§ **YOUR OBJECTIVE**:
Write out the entries below exactly, starting at the first line and stopping after the line that contains "중부지방국세청 공고 제2026-5호"; skip all pictures.

##### DATA EXCERPTS

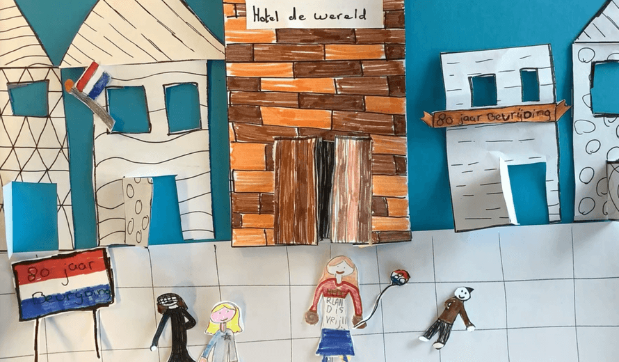 Op het buitenscherm van de bblthk zie je op 5 mei ‘Mijn stad bevrijd’. De feestelijke stopmotionfilmpjes zijn gemaakt door leerlingen van de basisscholen. Op de filmpjes ziet u dat de vlag uit gaat en inwoners hun huizen verlaten om te vieren dat Nederland bevrijd is.
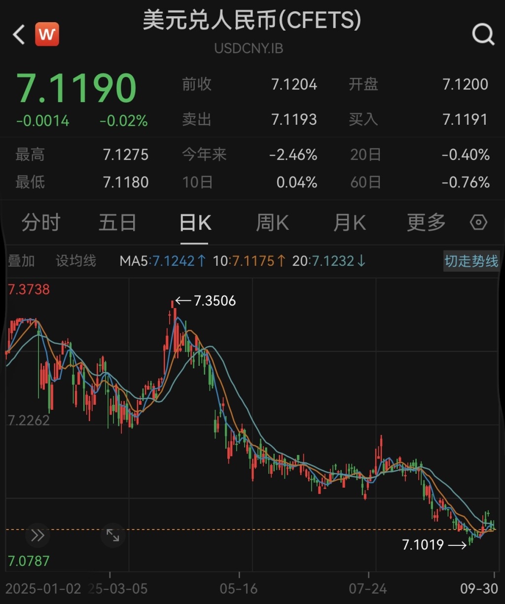 人民币对美元即期汇率日间收盘价从去年末的7.2988升至2025年9月30日的7.1186,累计升值超2.46%,其中三季度升值超0.65%。
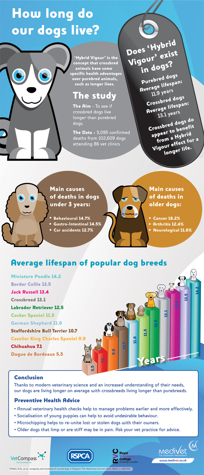 Take a look at our infographic to find out more about different breeds and how long they tend to live and learn how you can help your dog live a long and happy life.
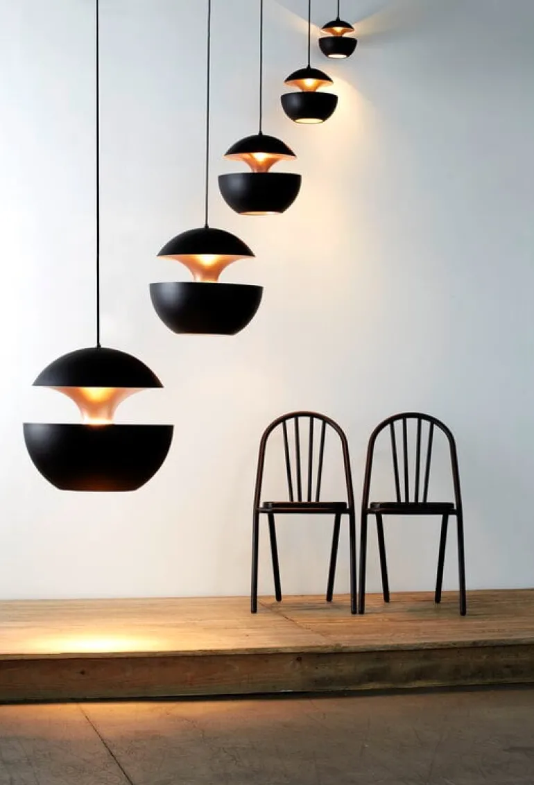 Bertrand Balas pendellampa Here Comes The Sun 175 är en klassiker inom fransk belysningsdesign och har återlanserats av DCW éditions. Pendellampan HCS 175 kombinerar en svart utsida med en glänsande insida i koppar. Den mäter 17,5 cm i diameter, vilket gör den passande även för mindre utrymmen.
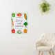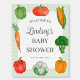 A cute farmers market green baby shower welcome sign foam board. Design features hand painted watercolor vegetables on a pastel green gingham background.
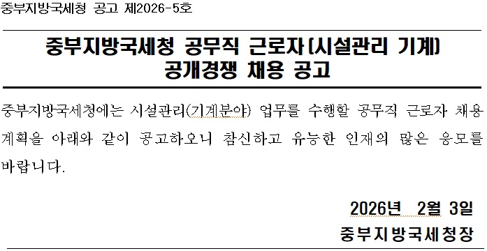 중부지방국세청 공고 제2026-5호 중부지방국세청 공무직 근로자(시설관리 기계) 공개경쟁 채용 공고 중부지방국세청에는 시설관리(기계분야) 업무를 수행할 공무직 근로자 채용 계획을 아래와 같이 공고하오니 참신하고 유능한 인재의 많은 응모를 바랍니다. 2026년 2월 3일 중부지방국세청장
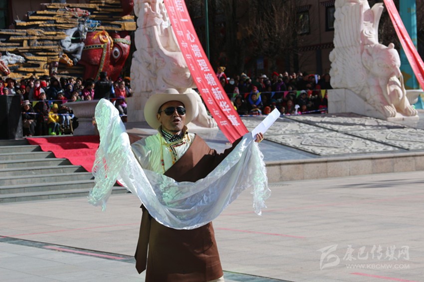 吉祥頌,藏語稱為“協(xié)巴”,是州級非物質(zhì)文化遺產(chǎn)之一。“協(xié)巴”在藏族民間生活中占有重要的地位,尤其在喜慶活動上,是一項不可或缺的重要儀式。州級非物質(zhì)文化遺產(chǎn)傳承人——高城鎮(zhèn)車馬村的翁堆老人手捧潔白的哈達,為觀眾表演了《協(xié)巴——中國夢、理塘夢》,展現(xiàn)了時代變遷中,“吉祥頌”這一民間藝術在思想內(nèi)容和藝術手法的創(chuàng)新之美。

##########

§ **OUTPUT OF THE EXERCISE**:
 Op het buitenscherm van de bblthk zie je op 5 mei ‘Mijn stad bevrijd’. De feestelijke stopmotionfilmpjes zijn gemaakt door leerlingen van de basisscholen. Op de filmpjes ziet u dat de vlag uit gaat en inwoners hun huizen verlaten om te vieren dat Nederland bevrijd is.
 人民币对美元即期汇率日间收盘价从去年末的7.2988升至2025年9月30日的7.1186,累计升值超2.46%,其中三季度升值超0.65%。
 Take a look at our infographic to find out more about different breeds and how long they tend to live and learn how you can help your dog live a long and happy life.
 Bertrand Balas pendellampa Here Comes The Sun 175 är en klassiker inom fransk belysningsdesign och har återlanserats av DCW éditions. Pendellampan HCS 175 kombinerar en svart utsida med en glänsande insida i koppar. Den mäter 17,5 cm i diameter, vilket gör den passande även för mindre utrymmen.
 A cute farmers market green baby shower welcome sign foam board. Design features hand painted watercolor vegetables on a pastel green gingham background.
 중부지방국세청 공고 제2026-5호 중부지방국세청 공무직 근로자(시설관리 기계) 공개경쟁 채용 공고 중부지방국세청에는 시설관리(기계분야) 업무를 수행할 공무직 근로자 채용 계획을 아래와 같이 공고하오니 참신하고 유능한 인재의 많은 응모를 바랍니다. 2026년 2월 3일 중부지방국세청장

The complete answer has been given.